If The Unaccountability Machine has a hero, it is Stafford Beer (1926-2002). By turns a British Army intelligence officer, pioneering operational researcher for United Steel, and management consultant, Beer was also one of the leading theorists of cybernetics, and the author of several key texts, most importantly Brain of the Firm (1972).
It was this guru-like status that saw Beer invited to Chile in the early 1970s by its president, Salvador Allende, where he was asked to put his ideas into practice in the recently nationalised sectors of the economy. That experiment did not survive the 1973 coup led by General Pinochet.
Beer was a true eccentric, his authority latterly enhanced by a beard of prophetic proportions. His characteristic mode of discourse was to say that he was presenting a simplified example and then introduce a hugely complex thought-experiment, accompanied by diagrams so elaborate that he often had to draw them by hand.
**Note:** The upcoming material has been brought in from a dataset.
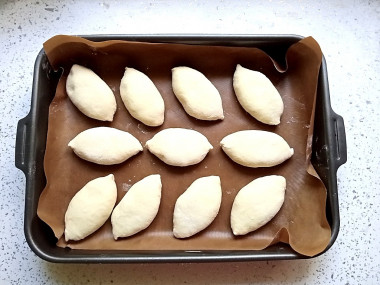 Сформированные пирожки полежали на расстойке минут 15, за это время немного увеличились в размере. Выпекала их 25 минут при 180 градусах.

He had a taste for neologism, both attributing arcane new senses to ordinary words and coining entirely novel ones. He almost invites caricature.
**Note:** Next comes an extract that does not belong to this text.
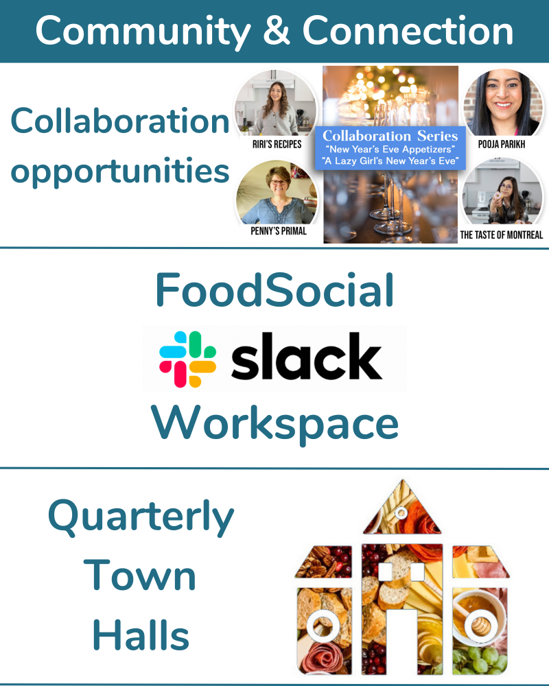 Creators have multiple ways to connect and collaborate with other creators and brands on FoodSocial. Ongoing collaborative work groups tackle seasonal and special recipe topics, with replays available on YouTube and FoodSocialTV. We also offer a special workspace on Slack for all FoodSocial creators and brands to facilitate easy communication. And finally, all creators and brands are encouraged to attend quarterly Town Halls, which give everyone a chance to provide input on current and future development projects.

That is what makes this part of the book so valuable. Beer was on to something and Davies has produced a clear, sympathetic but not uncritical exposition of his ideas. If you have ever worked in an organisation, let alone a large or badly managed one, you will have moments of recognition in reading this, a sense that Beer has rigorously theorised what you encounter every day.
More importantly, you will get some idea of how structural problems might be fixed, even if I might advise against interjecting in your next staff meeting “of course, what we lack here is a System 4, the intelligence function”. You will also gain a new appreciation for the slippery nature of accounting systems and the profound effect they have on organising the world we know.
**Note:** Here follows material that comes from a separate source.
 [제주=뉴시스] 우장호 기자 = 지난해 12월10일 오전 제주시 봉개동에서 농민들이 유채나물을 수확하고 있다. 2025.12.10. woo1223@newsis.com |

The villains of the book are more familiar: Milton Friedman, neoliberal economics in general, and private equity in particular. Davies — leftish rather than leftist — is too intellectually honest to indulge in simple polemic or merely to rehearse the standard indictments, but there are gaps here.
For an author so interested in dysfunction and crisis, there is very little about why people in the 1970s were so desperate for a new intellectual framework for business and government. In the memoirs of John Hoskyns, a key adviser to Mrs Thatcher and (like Beer) a fan of complex diagrams, it is the sense of seething chaos, of a limited window to avoid total collapse, that drives change. The Friedmans appear only once — Hoskyns sat with Rose (wife to Milton) at a dinner and found her “smug and self-congratulatory”.
Neither arguments over intellectual history, however, nor the fact that the main change advocated by Davies is a relatively technical tweak to limited liability should obscure how important and intellectually stimulating this book is, and how much it packs into a narrow frame. If The Unaccountability Machine does not quite offer a solution to the crisis of the twenty-first century, it at least begins to diagnose the problem.